Generated columns
D1 allows you to define generated columns based on the values of one or more other columns, SQL functions, or even extracted JSON values.
This allows you to normalize your data as you write to it or read it from a table, making it easier to query and reducing the need for complex application logic.
Generated columns can also have indexes defined against them, which can dramatically increase query performance over frequently queried fields.
Types of generated columns
There are two types of generated columns:
VIRTUAL
(default): the column is generated when read. This has the benefit of not consuming storage, but can increase compute time (and thus reduce query performance), especially for larger queries.STORED
: the column is generated when the row is written. The column takes up storage space just as a regular column would, but the column does not need to be generated on every read, which can improve read query performance.

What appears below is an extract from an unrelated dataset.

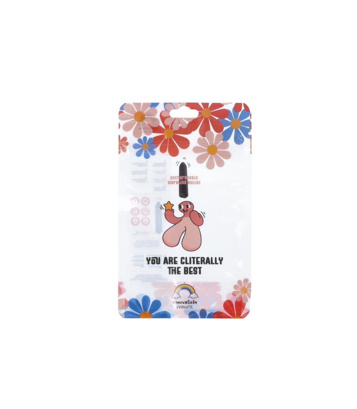 Rechargeable vibrating bullet via USB cable with different speeds and intensities, presented in a decorated bag.
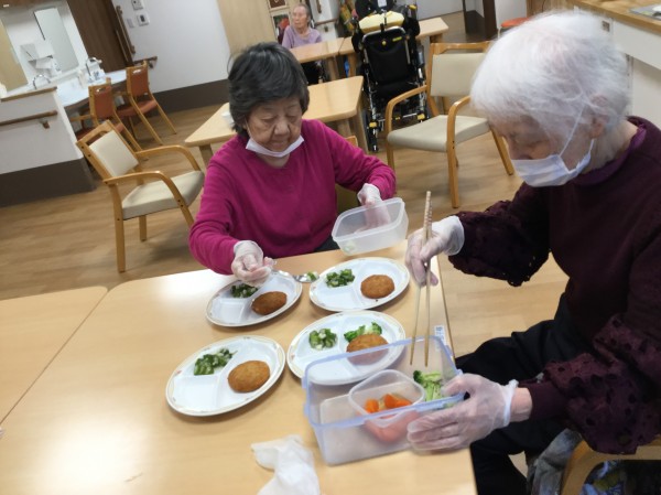 ホームでの生活にも少しずつ慣れて来られ、洗濯物畳みや料理の盛り付け・食器洗いなどお手伝い♬

When omitted from a generated column expression, generated columns default to the VIRTUAL
type. The STORED
type is recommended when the generated column is compute intensive. For example, when parsing large JSON structures.
Define a generated column
Generated columns can be defined during table creation in a CREATE TABLE
statement or afterwards via the ALTER TABLE
statement.
To create a table that defines a generated column, you use the AS
keyword:
CREATE TABLE some_table ( -- other columns omitted some_generated_column AS <function_that_generates_the_column_data>
)
As a concrete example, to automatically extract the location
value from the following JSON sensor data, you can define a generated column called location
(of type TEXT
), based on a raw_data
column that stores the raw representation of our JSON data.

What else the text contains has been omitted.